Just a quick line before I fly off for the weekend. This is a long shot, but here goes...

Get your hands on some "Calcionate Syrup" and begin dosing the pigeon exactly as directed--ask Terry, Marian or Judy for dosage info.

I think physical therapy may definitely help, and the wiggle in the toes is a hopeful sign.

Fred's right. You are one heck of a person!









Best Regards,

Ray


----------



## John_D (Jan 24, 2002)

I have a pigeon comes for food - probably most days, though I'm not always at home - who has one stiff leg. He can land OK (but hops rather than walks), and he can fly fine, but he cannot retract that foot when flying. I wondered if this was a symptom of an avian paralytical disease, or possibly if the leg had broken and eventually set itself but badly. Maybe Fred's suggestion of nerve damage might apply here, too.
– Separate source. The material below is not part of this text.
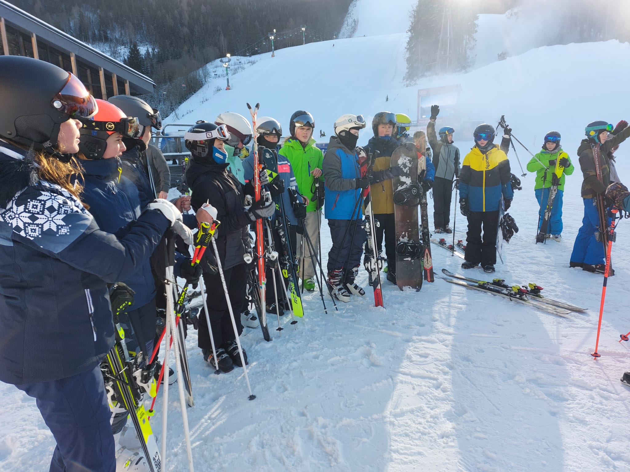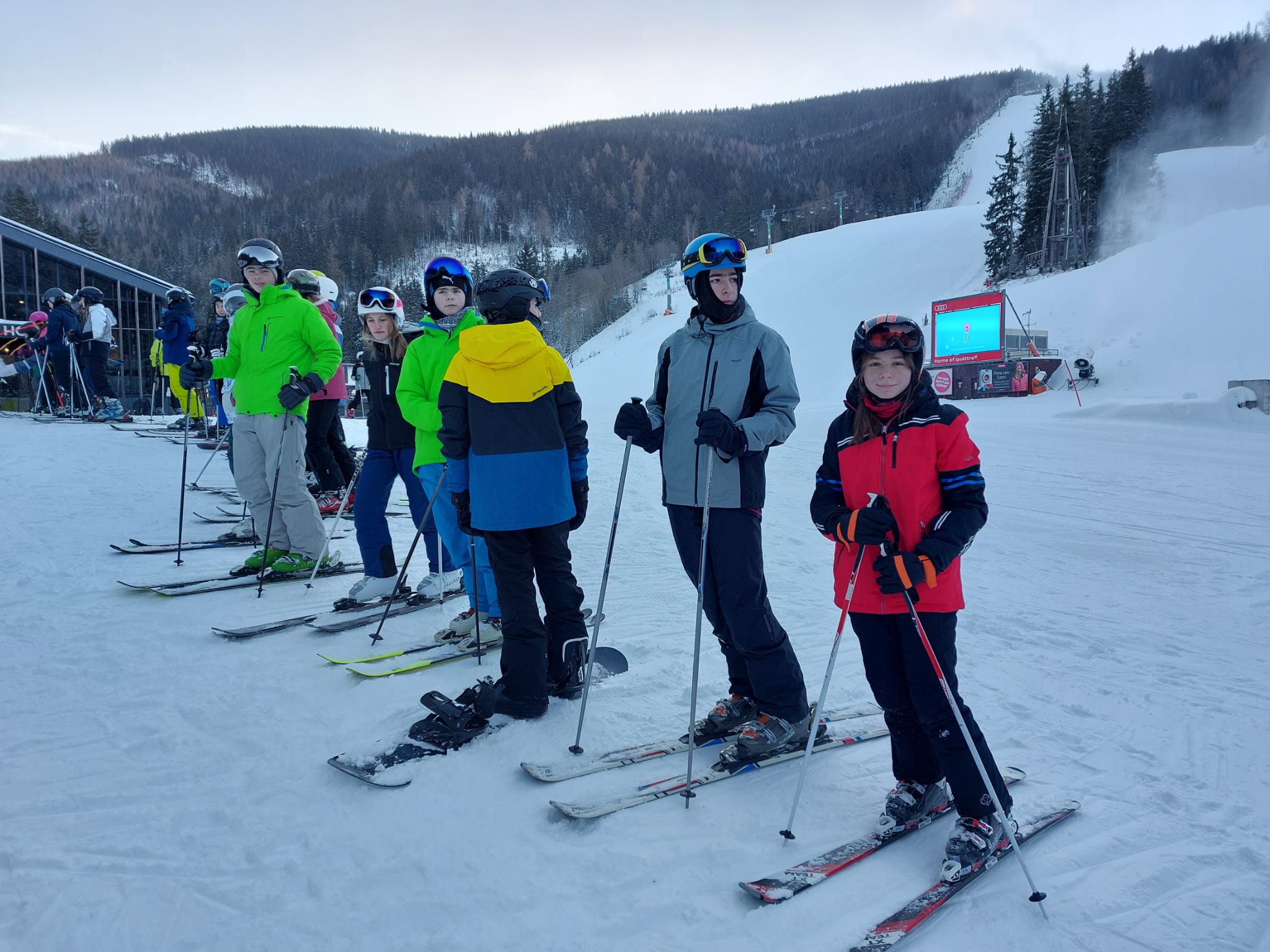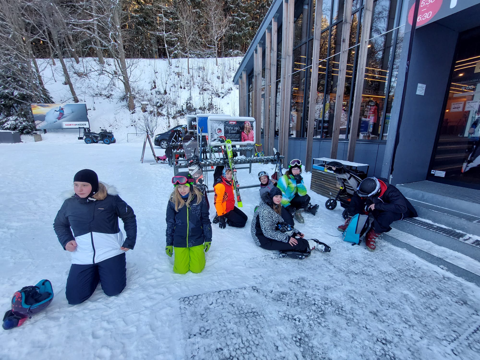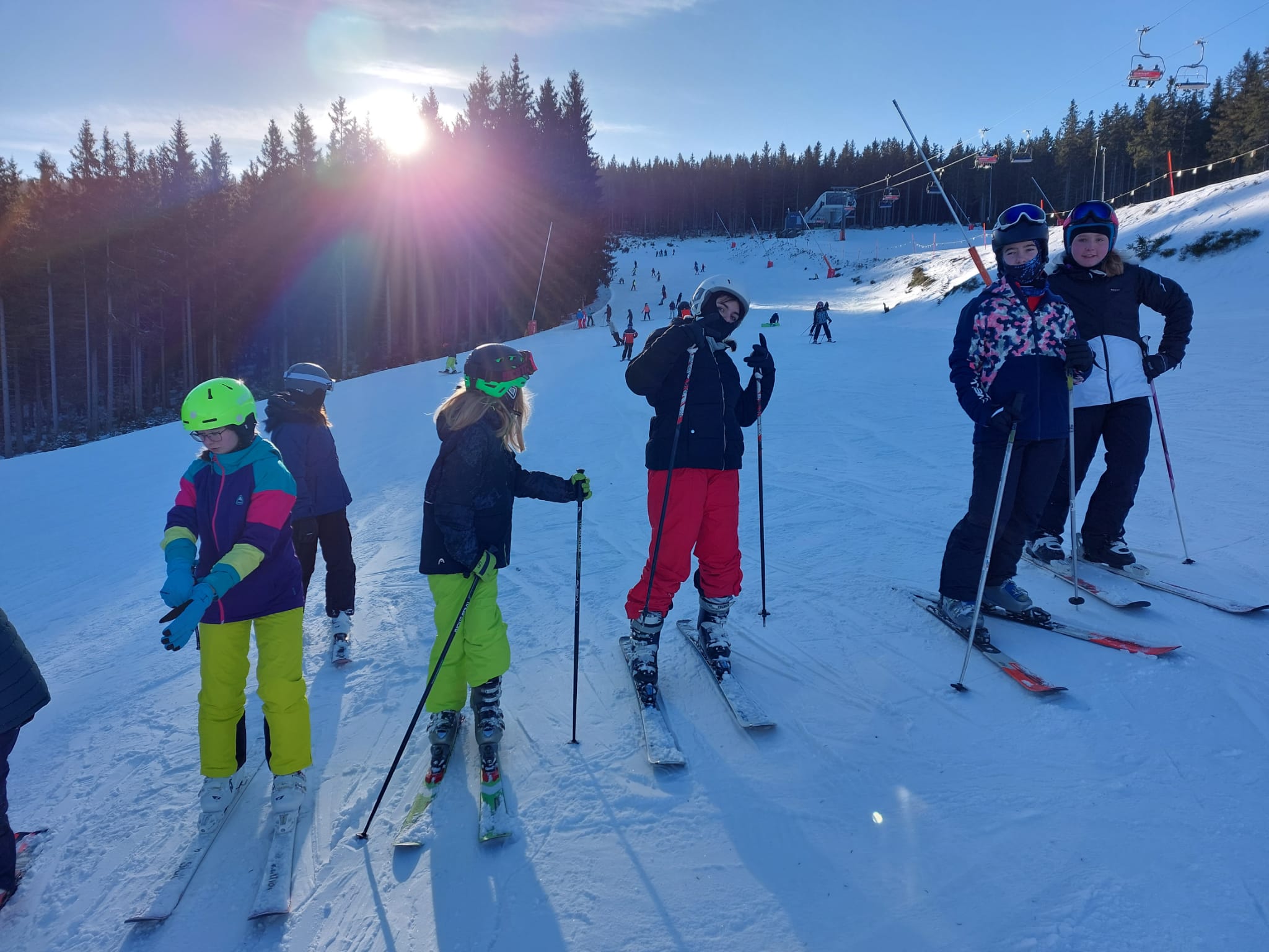 Vzkaz od pedagogů: Lyžovali jsme ve Svatém Petru, bylo krásně sluníčko, výhled na vrcholky hor a čerstvý prašan. Nikomu se nic nestalo 🙂

Unfortunately, like all the ones which can still fly well, I have no chance of catching him on my awkwardly positioned balcony









John


----------



## constantin (Mar 2, 2001)

Hi Ray,

Where do I find the 'Calcionate Syrup'. I'd like to try it for Ouch. Thanks.

Constantin


----------



## fred2344 (Jan 9, 2002)

Hi John,
It could be that the bird had a broken leg that didn't set right or nerve damage. There is really no way of knowing. If the bird is surviving on the outside, I would not go after it. If you catch the bird, what would you do with it? Unless you would be willing to coop it for life, what could you do?
You have no idea how many are like that on the outside. This is one of a great many similar injuries out there.


----------



## John_D (Jan 24, 2002)

Fred says:
*It could be that the bird had a broken leg that didn't set right or nerve damage. There is really no way of knowing. If the bird is surviving on the outside, I would not go after it. If you catch the bird, what would you do with it? Unless you would be willing to coop it for life, what could you do?*

Oh, quite agree, Fred. I have to always tell myself that those pigeons we see who are in need of treatment are but 'the tip of the iceberg' - and of those, we can only hope to help a relatively small proportion. 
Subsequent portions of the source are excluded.